Clear ice forms fastest on aircraft in flight between 0 C and -15 C due to large supercooled droplets freezing on contact

In which temperature range is the most rapid accumulation of clear ice on an aircraft likely to occur in flight?

• A. Between -15 C and -30 C
• B. Between 0 C and -15 C
• C. Above 0 C
• D. Between -30 C and -45 C

Answer: (B)

The most rapid accumulation of clear ice on an aircraft during flight typically occurs within the temperature range of 0 degrees Celsius to -15 degrees Celsius. This is primarily because the conditions in this temperature range enable large supercooled water droplets to exist, which are capable of freezing upon contact with the aircraft's surfaces.
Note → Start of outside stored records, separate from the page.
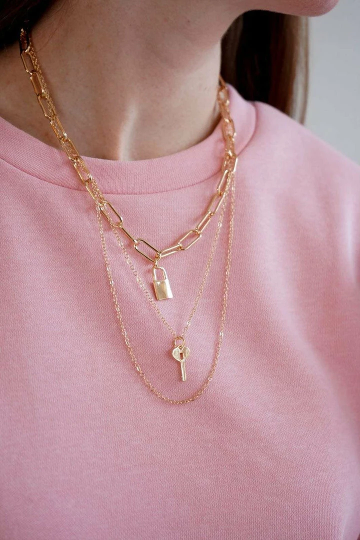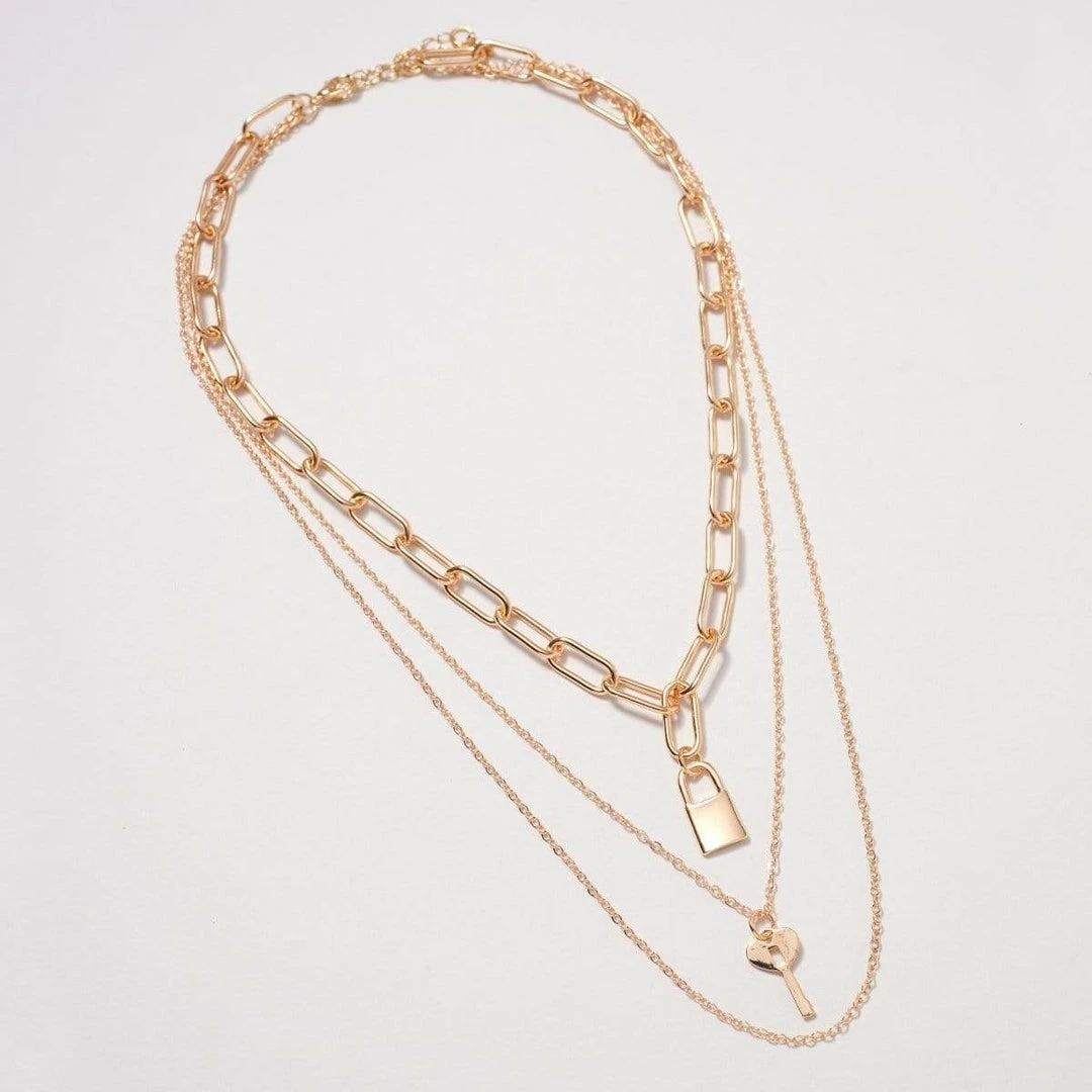 Triple layered necklace with lock and key charms. Approx: 18-24″ Material: Zinc, Brass Gold and rhodium plated, Lead Compliant, Nickle Free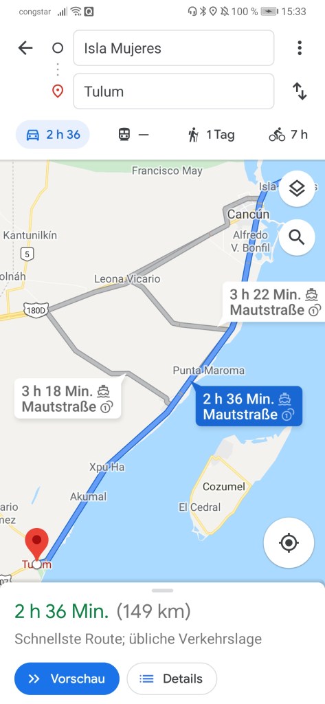Beside a lot of broken car pieces I made a new little friend. A cute little dog with many fleas. I just had to pet it. An hour later i got my car back. It was fixed. Happy af I made my way back to the car ferry Pier. Time to get back to the mainland. After another 2h on the ferry and a few hours drive i made it to Tulum. Google.maps is always very optimistic 🙂
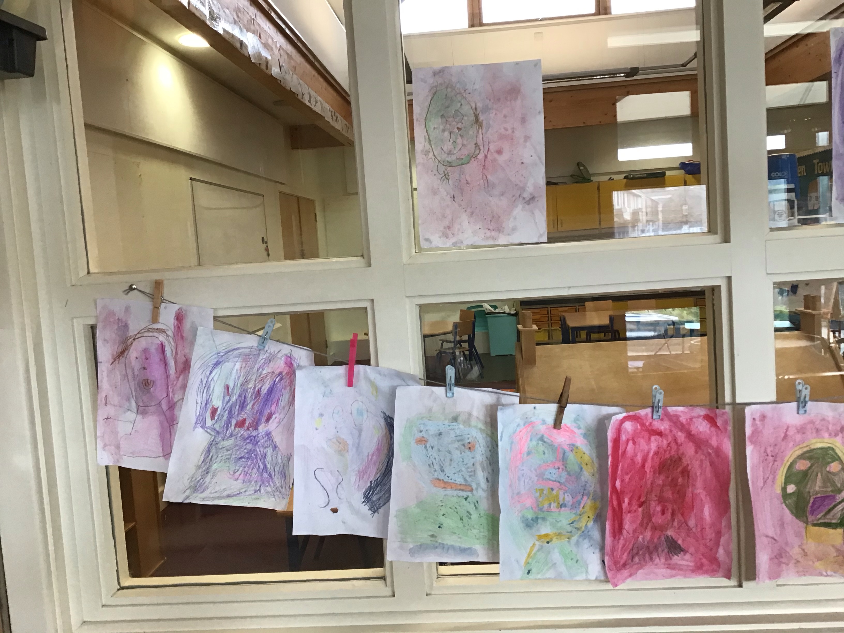 Reception have made some brightly coloured self-portraits. First we drew and coloured ourself in crayon. Then we used a watercolour wash over the top. 🖍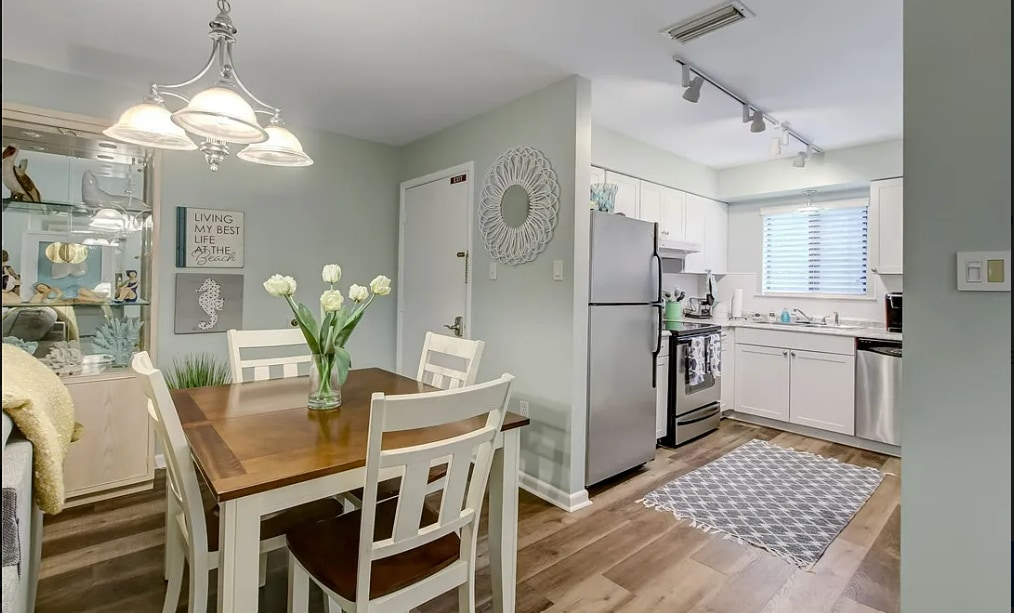 Nuestro tranquilo refugio en la playa, perfecto para estancias prolongadas y cortas. A solo 5 minutos a pie de la playa Fernandina. Los restaurantes cercanos son una invitación, y las compras en Walmart y Harris Teeter están a poca distancia en coche. Relájate con colores inspirados en la playa, donde reina la comodidad. Nuestra acogedora morada de 2 dormitorios y 1 baño (camas KING y queen) ofrece un amplio espacio con cocina totalmente equipada para un máximo de 4 personas. ¡Las comodidades incluyen piscina, pista de tenis y parque infantil! Sillas de playa, sombrilla y carrito de playa incluidos en la unidad. <3 ^^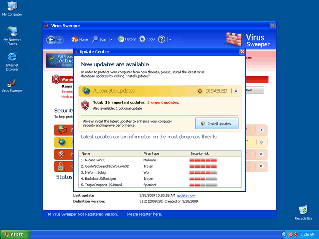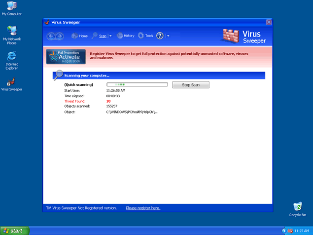Virus Sweeper is an untrustworthy program that attempts to make a claim that it can detect and remove spyware. Virus Sweeper does not remove or detect a bit of actual spyware or any other type of malware infection just like Virus Doctor, which is another rogue found to be very similar to Virus Sweeper. It is possible that Virus Sweeper is and updated version of Virus Doctor which may come from a Trojan infection or malicious website.
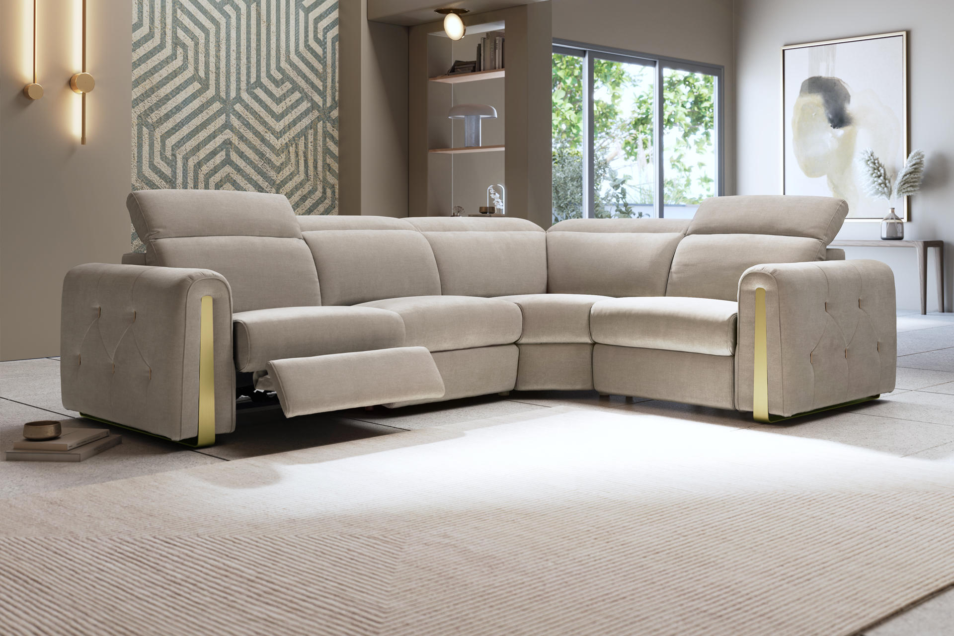 Go for glam or opt for understated with our beautiful Kingsbridge sofa. Versatile and cosy, you can dress this range as much or as little as you like to achieve a dream look and feel you’ll enjoy for years to come. Kick back and relax like royalty, with a choice of leather or fabric available in the range. Functional without compromising on style, the Kingsbridge is an intricately detailed range that focuses on the little things. The arms are finished with an inlaid metal trim that runs through to the feet, while metal studs accent the diamond tufted stitching on the sides of the sofa, bringing a mix of contemporary style and classic sofa design together. Opt for trusty embossed leather for a cosy yet durable finish on the sofa. Prefer a fabric feel? The Kingsbridge is available in both relaxed chenille and lifestyle flecked fabric, that’s a more durable option designed to withstand almost all that life throws at it - opt for gold or gunmetal feet and trim to complete the look.Recline at your leisure on the Kingsbridge, with power recliner options available to help you enjoy post-work snoozes in style. This innovative recliner function allows you to choose an angle that suits you, from upright through to almost horizontal, and save the position with memory buttons so you can return to it with ease. The best bit? You can stay charged as you relax, with USB charging ports included on the power recliner. Stay seated for longer and choose the optional console table brimming with mod cons to complete your comfort. Featuring handy cup holders, extra storage space, a wireless charger and 3-pin power plugs, it will transform your sofa into a hub of relaxation - perfect for working from home or enjoying the latest blockbusters. Want to stay toasty? Opt for the heated seat option available in the range. Sit back and get comfy on seats featuring a pocket sprung core, topped with foam wrapped in Dacron fibre, and enjoy unrivalled comfort and support on the Kingsbridge. Back and arm cushions filled with foam and Dacron fibre add to the cosy, supportive feel - perfect for sinking into after a busy day. Serpentine springs, aligned with silent wire, help with maintenance, sitting under the seat cushions to evenly distribute weight across the sofa.Create your own cosy haven with a choice of sofa sizes, corner configurations, swivel chair, loveseat and footstools available in the range. The Kingsbridge is exclusively designed, expertly handcrafted and comes with a 20 year structural guarantee included. Sofology - Feel at home on a sofa you love.

At temperatures just above freezing (0 degrees Celsius), water droplets can remain in a supercooled state, meaning they have not yet frozen despite being below freezing temperatures. When these droplets collide with the aircraft, they can freeze rapidly, forming clear ice, which is dense and heavy. As temperatures drop below 0 degrees Celsius, the size of the supercooled droplets tends to decrease, leading to more rime ice formation rather than clear ice. Additionally, in the colder ranges, particularly from -15 degrees Celsius and below, conditions become less conducive for large droplet accumulation, leading to slower rates of icing. Therefore, the conditions between 0 degrees Celsius and -15 degrees Celsius are optimal for rapid clear ice formation due to the presence of larger supercooled droplets and the dynamics of freezing upon contact with the aircraft's surfaces.

Outline

• Title: The 0°C to -15°C Window: Why Clear Ice Forms Fast in Flight

• Opening: Ice isn’t just a weather word—it's a real risk pilots feel in their hands and instruments.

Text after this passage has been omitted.